In the 1970s, Norwich began to transform. Despite the city's historic standing as a place of antiquity, a number of futuristic development projects took place in the late 60s-early 70s. Anglia Square was part of this wave. Other developments included a new flyover which biscected Magdlen St, one of Norwich's oldest throughfares, in a symbolic cross of old and new. 

Describing the arrival of Anglia Square and summarising Norwich's general aesthetic shift in the post-war decades, Mark Carver says "Anglia Square arrived like a spaceship from another dimension. Its futuristic brutalism authenticated the quaint medieval city it landed on: for certain misfits and subcultures, at least, who reflected its awkward angles." 

I briefly touched on Norwich's connection to brutalism before for good reason. There is a strong case to name Norwich as brutalism's spiritual home- at the very least the original spring of British brutalism. Hunstanton School on the city's outer limits was completed in 1954 and is seen by many architectural critics as the earliest example of our country's earliest example of modern brutalism. One such critic, Reyner Banham, who was born in Norfolk, is widely perceieved as the individual who brought the term into widespread, mainstream conciousness, thanks to his 1966 book The New Brutalism: Ethic or Aesthetic? Thus, Anglia Square and Sovereign House joined the Hunstanton School, University of East Anglia campus and Ber Street's Skipper House in Norwich's mid century explorations in concrete form and functionality.

2024: From Futuristic to Forgotten

Anglia Square has a storied history of proposal misfires and curtailed investment plans. For example, in 1988 a grand was atrium proposed for the center of the shopping square. The proposed 'orange house' would have had two stories with restaurants, shops and even two high speed lifts. Evidently, this plan never came to fruition. In 1991 a large glass canopy was built in the center of the square, a consolation perhaphs...

 

Even original Anglia Square blueprints from the 1960s promised more than what shoppers eventually received. The architects originally planned to include extra shops, walkways and an extension to the western wing of Sovereign House.

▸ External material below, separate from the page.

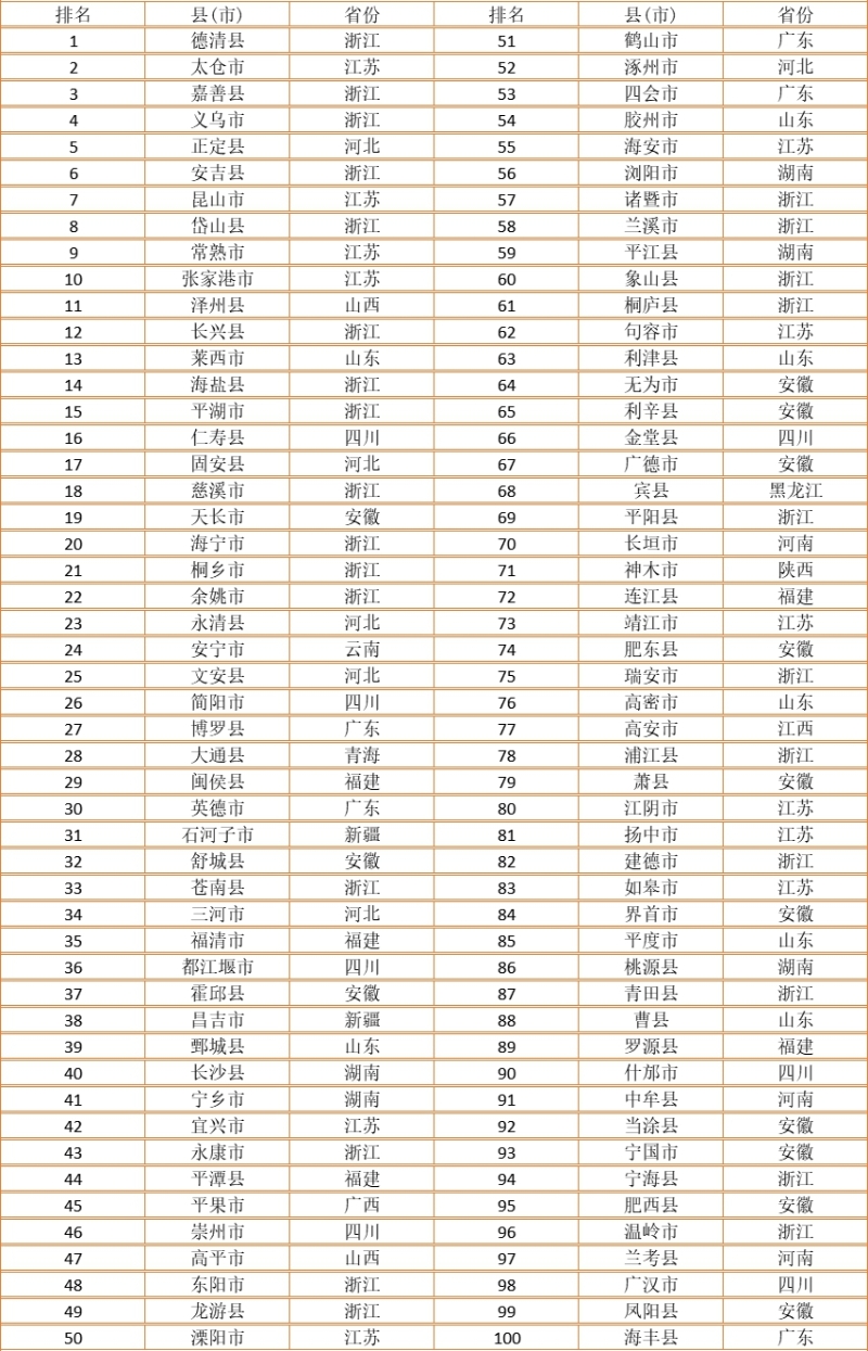 榜單顯示,全國投資潛力前10強縣(市)分別是德清縣、太倉市、嘉善縣、義烏市、正定縣、安吉縣、昆山市、岱山縣、常熟市和張家港市。共有46個投資潛力百強縣(市)也同時是綜合競爭力百強縣(市)。

In 2008 developers Centenary Ashcroft put forward large plans for the rejuvination of the site. Permission was gained to demolish certain structures and develop new ones, to help modernise the square. In 2009 however, these plans were shelved indefinitely following that year's global recesion. Ashcroft spokesman Ranald Phillips stated in the aftermthath, "It's going to take a while for the housing market to recover to justify building hundreds of new homes ... There's nothing we can do about that ... When the banks sort their muddle out, then we will start to move on." True to form however, ownership of Anglia Square shortly changed hands and the proposed redevelopments were completely forgotten. 

Thus, it would be fair to say that empty pledges litter the site's history. Will 2024's complete overhaul go ahead? Although history and local residents argue against this, common sense and signed planning contracts say it's inevitable.

I guess I am not against this. Having a half-empty and impressively ill-maintained plaza dominate part of the town center is perhaps not a great indication to outsiders of Norwich's cultural and social richness. Nonetheless, I am fond of the look and feel of Anglia Square, we don't design buildings like that anymore much the same as we don't build castles anymore. However, although I am not looking forward to another generic shopping development springing up in its place, I can accept that father time's hand renders all things obselete or anachronistic at some point.

 

I just like the place so I've taken some pictures of it.